Problem requirements -> Only some lines are wanted. Transcribe, exactly, the lines below from the line with "Happiness is defined" up to and including the line with "梳得整整齐齐的刘海齐肩瘦脸发".

Records provided ->
--- START ---

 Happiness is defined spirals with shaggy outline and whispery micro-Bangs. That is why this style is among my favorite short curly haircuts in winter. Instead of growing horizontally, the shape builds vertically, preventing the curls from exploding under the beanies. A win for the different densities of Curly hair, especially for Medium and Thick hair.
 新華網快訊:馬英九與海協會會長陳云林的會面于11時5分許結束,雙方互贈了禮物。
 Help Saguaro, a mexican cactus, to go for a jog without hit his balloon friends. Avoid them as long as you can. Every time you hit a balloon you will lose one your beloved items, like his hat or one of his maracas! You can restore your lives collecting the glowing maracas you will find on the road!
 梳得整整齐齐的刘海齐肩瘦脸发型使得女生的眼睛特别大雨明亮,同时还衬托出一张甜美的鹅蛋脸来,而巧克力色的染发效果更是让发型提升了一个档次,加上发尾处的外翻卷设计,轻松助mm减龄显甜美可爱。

--- END ---
--- START ---

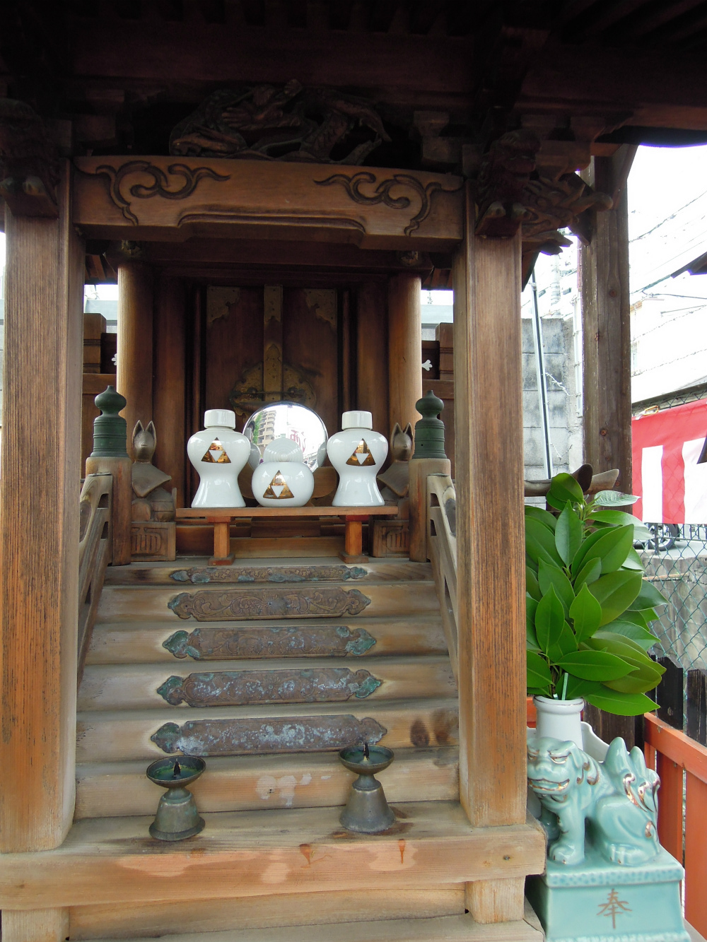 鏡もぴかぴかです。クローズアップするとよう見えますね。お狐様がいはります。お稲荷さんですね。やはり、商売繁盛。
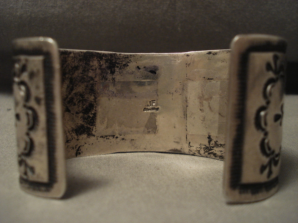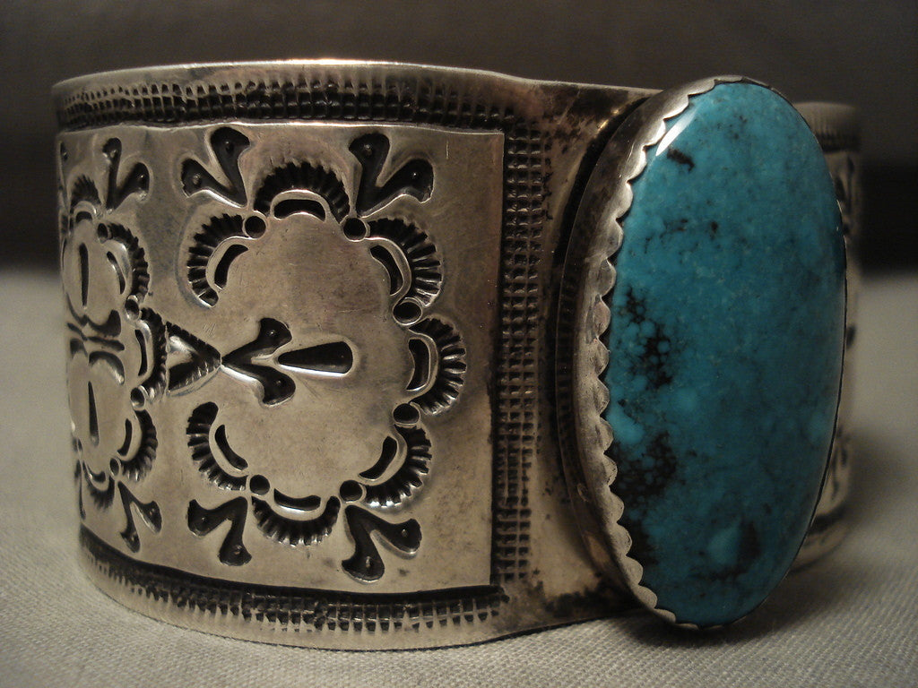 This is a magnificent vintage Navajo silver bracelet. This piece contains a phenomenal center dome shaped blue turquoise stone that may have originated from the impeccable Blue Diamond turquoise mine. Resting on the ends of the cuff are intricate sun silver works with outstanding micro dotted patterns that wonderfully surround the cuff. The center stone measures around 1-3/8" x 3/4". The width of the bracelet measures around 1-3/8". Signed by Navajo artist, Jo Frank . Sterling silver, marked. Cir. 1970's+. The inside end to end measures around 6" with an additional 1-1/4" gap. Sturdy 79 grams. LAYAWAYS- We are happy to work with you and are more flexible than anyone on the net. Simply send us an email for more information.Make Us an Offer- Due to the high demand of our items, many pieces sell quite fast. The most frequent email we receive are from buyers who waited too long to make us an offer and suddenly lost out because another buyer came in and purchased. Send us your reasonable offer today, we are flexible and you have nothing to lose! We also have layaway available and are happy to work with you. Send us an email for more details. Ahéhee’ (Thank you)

--- END ---
--- START ---

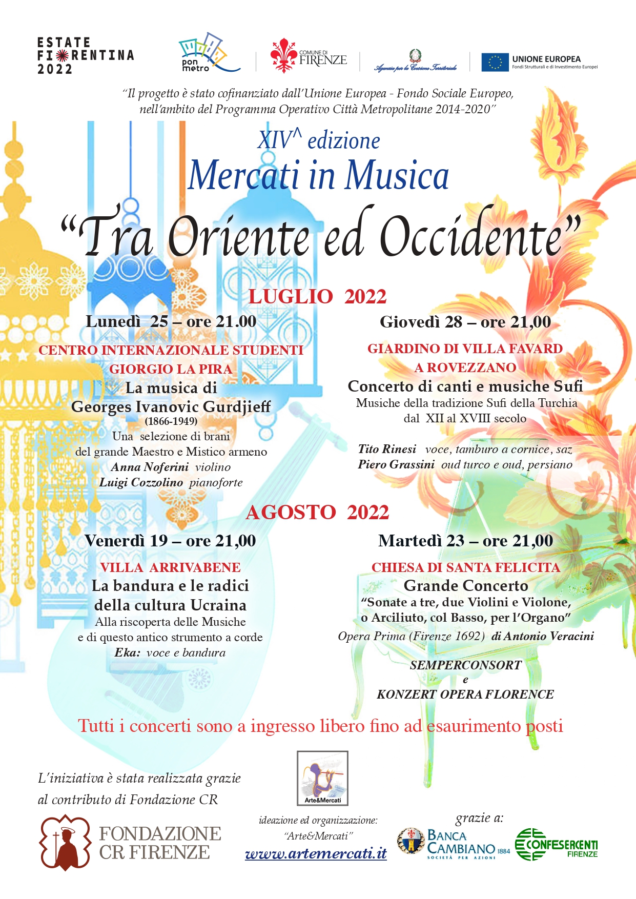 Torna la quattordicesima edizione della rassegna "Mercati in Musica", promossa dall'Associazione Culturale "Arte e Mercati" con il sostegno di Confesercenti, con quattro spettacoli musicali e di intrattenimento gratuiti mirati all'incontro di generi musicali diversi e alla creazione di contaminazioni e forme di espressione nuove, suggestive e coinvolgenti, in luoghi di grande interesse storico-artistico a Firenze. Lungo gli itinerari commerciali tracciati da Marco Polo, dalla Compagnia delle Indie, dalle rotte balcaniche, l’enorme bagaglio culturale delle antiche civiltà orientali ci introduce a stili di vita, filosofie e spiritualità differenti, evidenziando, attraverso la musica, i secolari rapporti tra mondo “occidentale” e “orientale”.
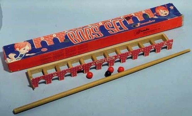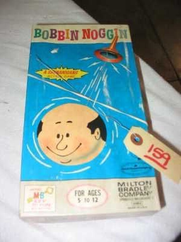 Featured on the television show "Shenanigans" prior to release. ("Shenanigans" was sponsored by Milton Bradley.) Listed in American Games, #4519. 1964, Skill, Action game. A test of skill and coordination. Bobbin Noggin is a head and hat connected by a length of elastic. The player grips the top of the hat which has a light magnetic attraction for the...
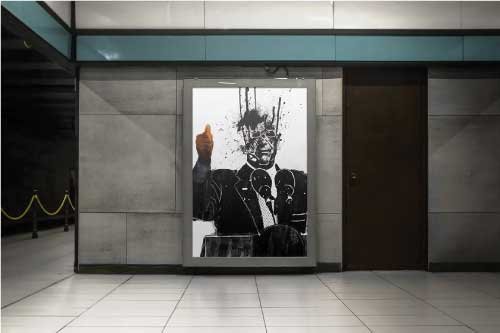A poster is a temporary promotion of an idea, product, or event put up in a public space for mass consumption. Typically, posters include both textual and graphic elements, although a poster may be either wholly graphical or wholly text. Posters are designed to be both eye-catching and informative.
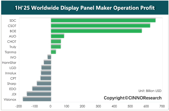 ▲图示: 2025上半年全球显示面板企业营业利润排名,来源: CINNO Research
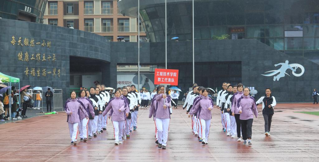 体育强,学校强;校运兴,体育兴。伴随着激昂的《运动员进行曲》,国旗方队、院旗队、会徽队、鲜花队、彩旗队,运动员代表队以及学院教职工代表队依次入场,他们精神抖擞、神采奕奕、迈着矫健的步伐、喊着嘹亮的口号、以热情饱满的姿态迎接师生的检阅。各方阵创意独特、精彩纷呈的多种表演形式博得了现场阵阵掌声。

--- END ---

Worked solution ->
 Happiness is defined spirals with shaggy outline and whispery micro-Bangs. That is why this style is among my favorite short curly haircuts in winter. Instead of growing horizontally, the shape builds vertically, preventing the curls from exploding under the beanies. A win for the different densities of Curly hair, especially for Medium and Thick hair.
 新華網快訊:馬英九與海協會會長陳云林的會面于11時5分許結束,雙方互贈了禮物。
 Help Saguaro, a mexican cactus, to go for a jog without hit his balloon friends. Avoid them as long as you can. Every time you hit a balloon you will lose one your beloved items, like his hat or one of his maracas! You can restore your lives collecting the glowing maracas you will find on the road!
 梳得整整齐齐的刘海齐肩瘦脸发型使得女生的眼睛特别大雨明亮,同时还衬托出一张甜美的鹅蛋脸来,而巧克力色的染发效果更是让发型提升了一个档次,加上发尾处的外翻卷设计,轻松助mm减龄显甜美可爱。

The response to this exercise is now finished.